_TASK DIRECTIONS_.
All of the data below should come back exactly as written, minus its images.

_DATASET EXTRACT_.
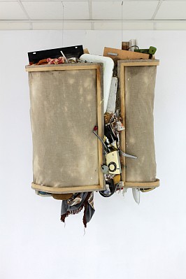 Bartosz Kokosiński follows his artistic agenda in a multi-threaded, but not necessarily polyphonic way. It rather resembles a gradual metamorphosis, with reducing and rebuilding, yet not so much the narrative threads as the graphic forms. In the attached photographic documentation, the author presents several recent works. His first attempts to use the unconventional (i.e. bent) surfaces date back to his student years, when they had a slightly decorative, design character. In an exceptional, manually dexterous way, Kokosiński tried to reconcile the attractiveness of the object itself with the embedded “attractiveness” of the painting aspect based on figurative elements. The latest works show the young artist’s maturity and courage. He has given up mimetic presentations in favour of more metaphorical corporeality, which gives his objects-pictures an entirely new dimension. Kokosiński reflects on the phenomenon of visual imagery, more physically than speculatively, meditating at a certain distance from the material itself. He devastates canvas painting, deconstructs, overthrows and pushes it out, but all these gestures still entangle him in an unequivocal context. It must also be noted that his artistic imagination, concentrating mainly on objects (and to some extent video), is almost unlimited. Every single intuition, including those seemingly unfeasible, is thoroughly processed and results in a complete artifact shaped precisely the way the artist described earlier in an informal conversation. Kokosiński is extremely concentrated while working. It allows him to find difficult but fully convincing graphic solutions which, despite their roughness, remain visually alluring without falling into the “optical charade” trap. He is an artist whose skills, energy and imagination are seldom seen in one person. He could easily paint conventionally with equal success, or juggle various styles. However, he has chosen his own way without calculating whether it would pay off in terms of limelight publicity or not. I wholeheartedly recommend both the artist and his attitude.
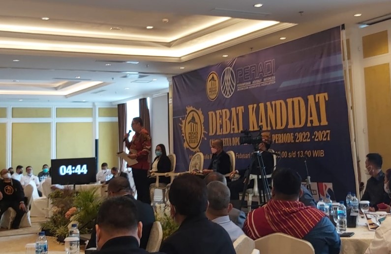 “Dengan diadakannya acara debat ini, para advokat yang tergabung dalam wadah Peradi dapat menilai sosok pemimpin yg memiliki visi yang jelas dan misi yang terukur sehingga tidak salah memilih pumpinannya kedepan, ibarat memilih kucing dalam karung”, ujarnya.
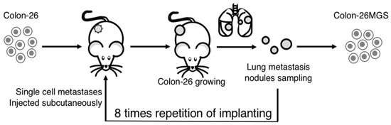 Illustration of the continuous implanting method. Colon-26 cells were grown subcutaneously in right hind paws of BALB/c mice. One month later, the mouse was sacrificed and lung metastases nodules were collected. The metastatic nodules were digested into single-cells and injected again into naïve BALB/c mice in the same manner. After eight repetitions of this process, a highly metastatic Colon-26MGS subline was established.

_SOLUTION FOR THIS TASK_.
 Bartosz Kokosiński follows his artistic agenda in a multi-threaded, but not necessarily polyphonic way. It rather resembles a gradual metamorphosis, with reducing and rebuilding, yet not so much the narrative threads as the graphic forms. In the attached photographic documentation, the author presents several recent works. His first attempts to use the unconventional (i.e. bent) surfaces date back to his student years, when they had a slightly decorative, design character. In an exceptional, manually dexterous way, Kokosiński tried to reconcile the attractiveness of the object itself with the embedded “attractiveness” of the painting aspect based on figurative elements. The latest works show the young artist’s maturity and courage. He has given up mimetic presentations in favour of more metaphorical corporeality, which gives his objects-pictures an entirely new dimension. Kokosiński reflects on the phenomenon of visual imagery, more physically than speculatively, meditating at a certain distance from the material itself. He devastates canvas painting, deconstructs, overthrows and pushes it out, but all these gestures still entangle him in an unequivocal context. It must also be noted that his artistic imagination, concentrating mainly on objects (and to some extent video), is almost unlimited. Every single intuition, including those seemingly unfeasible, is thoroughly processed and results in a complete artifact shaped precisely the way the artist described earlier in an informal conversation. Kokosiński is extremely concentrated while working. It allows him to find difficult but fully convincing graphic solutions which, despite their roughness, remain visually alluring without falling into the “optical charade” trap. He is an artist whose skills, energy and imagination are seldom seen in one person. He could easily paint conventionally with equal success, or juggle various styles. However, he has chosen his own way without calculating whether it would pay off in terms of limelight publicity or not. I wholeheartedly recommend both the artist and his attitude.
 “Dengan diadakannya acara debat ini, para advokat yang tergabung dalam wadah Peradi dapat menilai sosok pemimpin yg memiliki visi yang jelas dan misi yang terukur sehingga tidak salah memilih pumpinannya kedepan, ibarat memilih kucing dalam karung”, ujarnya.
 Illustration of the continuous implanting method. Colon-26 cells were grown subcutaneously in right hind paws of BALB/c mice. One month later, the mouse was sacrificed and lung metastases nodules were collected. The metastatic nodules were digested into single-cells and injected again into naïve BALB/c mice in the same manner. After eight repetitions of this process, a highly metastatic Colon-26MGS subline was established.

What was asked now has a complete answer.